Biggest security threats for embedded designers
Embedded system designers face a number of threats to the applications that they develop for the Internet of Things (IoT). One of the biggest threats comes from IoT devices that end-users can access, such as commercial networked HVAC systems, wireless base stations, power stations, network gateway systems, and avionics networking.
Another example is the connected car, including the advanced driver assistance system (ADAS) that encompasses intelligent, interconnected vehicle-to-vehicle (V2V) and vehicle-to-infrastructure (V2I) systems. Since vehicles are fielded systems, they are accessible by people with malicious intentions. There can be serious consequences – up to and including loss of life – if, for instance, ADAS systems cannot ensure that V2V and V2I messages originate from a trustworthy source and are not modified between sender and receiver.
With these and other systems, software security, alone, has proven inadequate to protect user-accessible devices against known threats. What is needed is a combination of software and hardware security. For example, today’s FPGA SoCs can be used to implement a hardware security scheme that compliments the software and strengthens the system. Ideally, the hardware and software solution should combat three types of security breaches:
1. Design security: This includes IP protection and ensuring that configuration bit streams are encrypted and protected. In addition, designs need to incorporate a method to ensure there is no overbuilding or cloning of the design possible.
2. Hardware security: Designers also need to certify that user-accessible devices are resistant to physical attacks. For example, differential power analysis (DPA) attacks can extract keys and other vital device information.
3. Data security: This element ensures that communications into and out of the device are authentic and secure.

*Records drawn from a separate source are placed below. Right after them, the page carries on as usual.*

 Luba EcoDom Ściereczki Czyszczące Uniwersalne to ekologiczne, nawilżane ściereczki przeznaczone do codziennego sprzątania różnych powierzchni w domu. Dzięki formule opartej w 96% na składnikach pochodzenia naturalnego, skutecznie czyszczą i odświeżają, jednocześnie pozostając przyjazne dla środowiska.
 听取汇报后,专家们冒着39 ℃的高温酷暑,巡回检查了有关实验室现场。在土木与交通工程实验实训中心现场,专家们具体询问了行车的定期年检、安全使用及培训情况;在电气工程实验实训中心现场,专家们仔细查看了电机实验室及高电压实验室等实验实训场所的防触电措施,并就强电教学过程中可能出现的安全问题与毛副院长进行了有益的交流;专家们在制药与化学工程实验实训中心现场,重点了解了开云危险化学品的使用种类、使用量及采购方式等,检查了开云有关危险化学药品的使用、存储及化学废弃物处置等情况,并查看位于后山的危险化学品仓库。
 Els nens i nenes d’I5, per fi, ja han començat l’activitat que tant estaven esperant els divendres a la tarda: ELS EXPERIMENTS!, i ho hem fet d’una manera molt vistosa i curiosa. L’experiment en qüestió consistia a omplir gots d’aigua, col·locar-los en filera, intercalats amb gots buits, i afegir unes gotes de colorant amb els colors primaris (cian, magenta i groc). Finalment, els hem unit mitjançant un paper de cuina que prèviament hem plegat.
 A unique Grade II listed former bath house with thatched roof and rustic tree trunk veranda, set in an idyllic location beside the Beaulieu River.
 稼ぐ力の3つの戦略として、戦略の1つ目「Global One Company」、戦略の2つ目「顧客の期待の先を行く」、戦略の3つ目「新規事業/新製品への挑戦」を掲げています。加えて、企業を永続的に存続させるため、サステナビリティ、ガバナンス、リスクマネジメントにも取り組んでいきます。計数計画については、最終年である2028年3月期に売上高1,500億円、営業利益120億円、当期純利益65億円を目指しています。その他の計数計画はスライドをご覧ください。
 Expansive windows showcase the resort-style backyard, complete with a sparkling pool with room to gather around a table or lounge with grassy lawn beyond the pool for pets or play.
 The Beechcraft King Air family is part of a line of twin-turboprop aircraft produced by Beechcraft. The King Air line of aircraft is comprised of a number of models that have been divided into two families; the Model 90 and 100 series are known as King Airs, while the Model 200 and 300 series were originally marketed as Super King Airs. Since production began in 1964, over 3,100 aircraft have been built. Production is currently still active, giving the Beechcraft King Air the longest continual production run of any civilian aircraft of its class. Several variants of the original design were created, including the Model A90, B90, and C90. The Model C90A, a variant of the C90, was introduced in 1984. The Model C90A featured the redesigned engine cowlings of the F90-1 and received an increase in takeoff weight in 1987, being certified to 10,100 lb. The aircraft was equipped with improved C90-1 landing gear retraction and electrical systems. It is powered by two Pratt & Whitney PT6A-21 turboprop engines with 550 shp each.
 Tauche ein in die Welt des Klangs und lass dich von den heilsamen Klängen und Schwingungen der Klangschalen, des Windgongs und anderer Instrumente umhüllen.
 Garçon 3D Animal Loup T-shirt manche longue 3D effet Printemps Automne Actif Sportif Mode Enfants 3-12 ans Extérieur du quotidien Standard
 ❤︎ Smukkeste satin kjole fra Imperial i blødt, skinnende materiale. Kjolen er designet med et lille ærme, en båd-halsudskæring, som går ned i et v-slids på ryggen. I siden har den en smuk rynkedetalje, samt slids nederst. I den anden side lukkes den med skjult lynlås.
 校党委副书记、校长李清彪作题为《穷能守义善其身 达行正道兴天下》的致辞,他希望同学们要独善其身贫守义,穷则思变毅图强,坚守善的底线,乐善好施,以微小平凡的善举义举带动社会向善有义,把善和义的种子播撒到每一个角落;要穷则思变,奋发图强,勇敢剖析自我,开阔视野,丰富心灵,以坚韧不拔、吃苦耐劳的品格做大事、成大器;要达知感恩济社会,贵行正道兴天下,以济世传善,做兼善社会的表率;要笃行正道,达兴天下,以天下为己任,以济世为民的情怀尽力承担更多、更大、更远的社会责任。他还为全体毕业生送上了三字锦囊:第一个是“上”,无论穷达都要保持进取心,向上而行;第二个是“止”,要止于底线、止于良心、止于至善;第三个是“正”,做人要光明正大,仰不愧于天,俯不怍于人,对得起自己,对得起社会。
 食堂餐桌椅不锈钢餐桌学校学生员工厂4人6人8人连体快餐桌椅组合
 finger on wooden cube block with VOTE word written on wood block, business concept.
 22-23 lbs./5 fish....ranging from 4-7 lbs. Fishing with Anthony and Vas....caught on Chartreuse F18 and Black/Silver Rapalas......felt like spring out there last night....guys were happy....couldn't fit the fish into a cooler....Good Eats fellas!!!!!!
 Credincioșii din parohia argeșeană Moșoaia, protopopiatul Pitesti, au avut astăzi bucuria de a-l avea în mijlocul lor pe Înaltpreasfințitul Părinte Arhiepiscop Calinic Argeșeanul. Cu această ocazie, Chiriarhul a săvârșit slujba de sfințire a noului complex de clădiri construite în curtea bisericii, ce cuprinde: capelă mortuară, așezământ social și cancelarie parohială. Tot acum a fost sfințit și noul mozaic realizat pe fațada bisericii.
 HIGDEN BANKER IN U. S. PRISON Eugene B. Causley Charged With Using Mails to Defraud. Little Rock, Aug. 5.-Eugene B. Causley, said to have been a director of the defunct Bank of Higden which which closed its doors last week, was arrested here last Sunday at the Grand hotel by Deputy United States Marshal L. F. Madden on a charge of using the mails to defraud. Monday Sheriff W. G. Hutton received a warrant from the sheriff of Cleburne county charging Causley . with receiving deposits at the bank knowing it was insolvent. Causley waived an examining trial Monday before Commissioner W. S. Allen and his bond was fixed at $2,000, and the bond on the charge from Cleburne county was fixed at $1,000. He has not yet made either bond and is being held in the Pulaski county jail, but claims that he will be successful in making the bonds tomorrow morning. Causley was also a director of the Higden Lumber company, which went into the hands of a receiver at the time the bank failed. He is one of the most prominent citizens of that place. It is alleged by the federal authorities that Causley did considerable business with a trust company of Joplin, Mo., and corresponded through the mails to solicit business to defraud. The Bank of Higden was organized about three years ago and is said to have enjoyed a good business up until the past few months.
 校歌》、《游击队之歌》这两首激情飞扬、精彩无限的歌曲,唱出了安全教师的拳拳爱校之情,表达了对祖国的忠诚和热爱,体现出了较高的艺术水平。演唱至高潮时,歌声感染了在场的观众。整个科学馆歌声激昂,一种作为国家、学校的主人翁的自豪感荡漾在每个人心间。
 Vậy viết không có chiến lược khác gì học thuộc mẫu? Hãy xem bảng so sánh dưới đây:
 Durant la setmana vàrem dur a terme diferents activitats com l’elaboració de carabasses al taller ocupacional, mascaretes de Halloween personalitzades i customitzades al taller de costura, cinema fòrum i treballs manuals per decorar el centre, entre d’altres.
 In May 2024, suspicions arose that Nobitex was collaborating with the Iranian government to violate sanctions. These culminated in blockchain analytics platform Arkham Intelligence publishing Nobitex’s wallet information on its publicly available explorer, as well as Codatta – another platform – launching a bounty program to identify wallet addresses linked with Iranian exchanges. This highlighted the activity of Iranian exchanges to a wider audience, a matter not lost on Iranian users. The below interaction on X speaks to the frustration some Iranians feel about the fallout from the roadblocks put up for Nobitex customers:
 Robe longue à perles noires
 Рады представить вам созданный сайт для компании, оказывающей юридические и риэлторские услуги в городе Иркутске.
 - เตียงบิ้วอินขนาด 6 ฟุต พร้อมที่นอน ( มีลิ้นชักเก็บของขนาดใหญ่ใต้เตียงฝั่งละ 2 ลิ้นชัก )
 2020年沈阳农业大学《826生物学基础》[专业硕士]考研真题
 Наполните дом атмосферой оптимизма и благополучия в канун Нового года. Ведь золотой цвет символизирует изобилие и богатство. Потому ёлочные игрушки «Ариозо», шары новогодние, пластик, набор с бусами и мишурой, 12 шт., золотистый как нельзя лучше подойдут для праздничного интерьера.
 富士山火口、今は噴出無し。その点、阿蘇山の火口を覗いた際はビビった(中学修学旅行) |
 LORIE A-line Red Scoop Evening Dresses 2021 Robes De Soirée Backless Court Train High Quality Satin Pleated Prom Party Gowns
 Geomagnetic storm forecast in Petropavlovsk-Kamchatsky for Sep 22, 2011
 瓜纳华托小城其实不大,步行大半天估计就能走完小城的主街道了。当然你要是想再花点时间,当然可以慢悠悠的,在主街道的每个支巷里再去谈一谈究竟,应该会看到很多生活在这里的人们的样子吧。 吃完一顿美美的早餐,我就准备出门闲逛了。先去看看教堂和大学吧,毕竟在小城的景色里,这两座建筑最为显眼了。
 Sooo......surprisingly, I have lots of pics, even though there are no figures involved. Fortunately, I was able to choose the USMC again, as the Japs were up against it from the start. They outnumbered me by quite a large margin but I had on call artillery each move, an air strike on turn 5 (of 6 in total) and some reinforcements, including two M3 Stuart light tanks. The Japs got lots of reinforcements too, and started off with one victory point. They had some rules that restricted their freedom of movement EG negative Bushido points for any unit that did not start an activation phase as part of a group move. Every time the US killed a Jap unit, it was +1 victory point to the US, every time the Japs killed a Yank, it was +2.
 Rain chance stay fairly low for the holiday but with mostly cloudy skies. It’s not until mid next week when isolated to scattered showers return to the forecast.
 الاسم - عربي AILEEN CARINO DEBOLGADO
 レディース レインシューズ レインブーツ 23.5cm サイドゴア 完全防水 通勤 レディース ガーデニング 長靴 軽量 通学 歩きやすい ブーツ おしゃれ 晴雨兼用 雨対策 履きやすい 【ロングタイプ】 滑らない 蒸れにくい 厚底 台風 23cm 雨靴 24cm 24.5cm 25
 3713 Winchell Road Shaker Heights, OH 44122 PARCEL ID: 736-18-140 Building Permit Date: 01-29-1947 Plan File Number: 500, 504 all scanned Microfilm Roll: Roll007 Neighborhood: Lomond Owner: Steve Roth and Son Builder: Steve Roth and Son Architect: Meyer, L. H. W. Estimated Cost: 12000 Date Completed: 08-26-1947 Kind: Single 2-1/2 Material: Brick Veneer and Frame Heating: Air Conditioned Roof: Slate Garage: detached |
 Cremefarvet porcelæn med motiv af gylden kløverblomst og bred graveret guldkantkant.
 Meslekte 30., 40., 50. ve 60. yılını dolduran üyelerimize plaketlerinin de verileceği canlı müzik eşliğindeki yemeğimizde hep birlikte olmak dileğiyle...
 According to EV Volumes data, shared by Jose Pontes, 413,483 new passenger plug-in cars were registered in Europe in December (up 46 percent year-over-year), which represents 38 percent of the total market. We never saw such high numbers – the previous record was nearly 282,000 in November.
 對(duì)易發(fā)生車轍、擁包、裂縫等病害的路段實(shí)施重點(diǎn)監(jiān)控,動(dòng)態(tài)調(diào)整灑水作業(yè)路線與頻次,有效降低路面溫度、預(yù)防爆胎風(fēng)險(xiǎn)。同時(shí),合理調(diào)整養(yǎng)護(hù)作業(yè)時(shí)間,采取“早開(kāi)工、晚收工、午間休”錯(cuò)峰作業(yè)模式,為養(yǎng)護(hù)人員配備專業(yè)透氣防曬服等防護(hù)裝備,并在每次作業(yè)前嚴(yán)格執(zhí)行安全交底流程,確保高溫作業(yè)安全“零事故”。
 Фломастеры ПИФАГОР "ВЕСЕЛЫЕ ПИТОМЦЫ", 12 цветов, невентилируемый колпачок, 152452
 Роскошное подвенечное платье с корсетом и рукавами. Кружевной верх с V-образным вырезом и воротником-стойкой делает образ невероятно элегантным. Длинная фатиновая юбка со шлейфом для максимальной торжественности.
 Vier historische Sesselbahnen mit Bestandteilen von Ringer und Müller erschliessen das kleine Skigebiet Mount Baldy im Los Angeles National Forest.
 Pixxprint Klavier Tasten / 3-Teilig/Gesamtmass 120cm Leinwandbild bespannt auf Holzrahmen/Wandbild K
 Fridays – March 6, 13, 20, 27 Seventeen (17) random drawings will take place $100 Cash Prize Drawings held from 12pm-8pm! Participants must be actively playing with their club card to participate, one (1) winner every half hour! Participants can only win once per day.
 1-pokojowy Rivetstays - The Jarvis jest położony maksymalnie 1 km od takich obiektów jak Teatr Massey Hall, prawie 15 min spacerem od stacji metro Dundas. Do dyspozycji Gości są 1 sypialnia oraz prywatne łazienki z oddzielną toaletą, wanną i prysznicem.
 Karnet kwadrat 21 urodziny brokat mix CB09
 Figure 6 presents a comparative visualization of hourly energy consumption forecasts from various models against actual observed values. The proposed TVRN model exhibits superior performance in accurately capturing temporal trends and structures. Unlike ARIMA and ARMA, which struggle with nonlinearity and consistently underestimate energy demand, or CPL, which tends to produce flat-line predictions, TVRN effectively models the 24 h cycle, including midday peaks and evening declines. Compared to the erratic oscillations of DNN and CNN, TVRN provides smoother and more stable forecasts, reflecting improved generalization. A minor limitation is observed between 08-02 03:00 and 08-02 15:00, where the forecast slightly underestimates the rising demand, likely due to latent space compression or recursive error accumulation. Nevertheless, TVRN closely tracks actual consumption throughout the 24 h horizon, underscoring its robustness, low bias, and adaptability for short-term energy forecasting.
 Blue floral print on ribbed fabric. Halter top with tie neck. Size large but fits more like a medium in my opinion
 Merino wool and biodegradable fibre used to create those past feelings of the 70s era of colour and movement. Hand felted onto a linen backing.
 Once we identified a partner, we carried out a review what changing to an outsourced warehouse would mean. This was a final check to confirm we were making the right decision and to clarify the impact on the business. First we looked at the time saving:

Embedded system program managers and development teams must design these types of protections into their products while best leveraging the characteristics of the underlying platform. The result should be a robust protection network with no single point of failure. Some key methods for achieving this goal include:
∑ Risk assessment: System penetration testing should be used for a detailed system evaluation, to assess critical system data/functions, discover vulnerabilities, enumerate threats, and outline the likelihood and consequence of system compromise.
∑ Protection planning: Using risk assessments and any other compiled data, developers should seek to understand protection implementation costs and design options for mitigating identified system vulnerabilities and ensuring successful system verification and validation.
∑ Attack scenario testing: This can include a black box approach, pitting experienced reverse engineers with state-of-the-art attack tools against a system in a deployed setting to reveal vulnerabilities that cannot otherwise be found during most other evaluation exercises.
∑ DPA side-channel analysis and mitigation: Side-channel attacks are currently the most practical method for compromising cryptography implementations. It is important to regularly perform measurable, objective, and repeatable testing for resistance to side-channel attacks for applications where adversaries have the ability to observe side channels (i.e., power draw, timing, EM emanations) during on-device cryptographic operations.
In today’s cyber hacking world, it is essential for every public and private organization to proactively address security issues. Embedded system designers can help their customers in this area by creating secure designs that are protected from today’s rapidly evolving threats, including those posed by a rapidly growing ecosystem of interconnected, user-accessible hardware.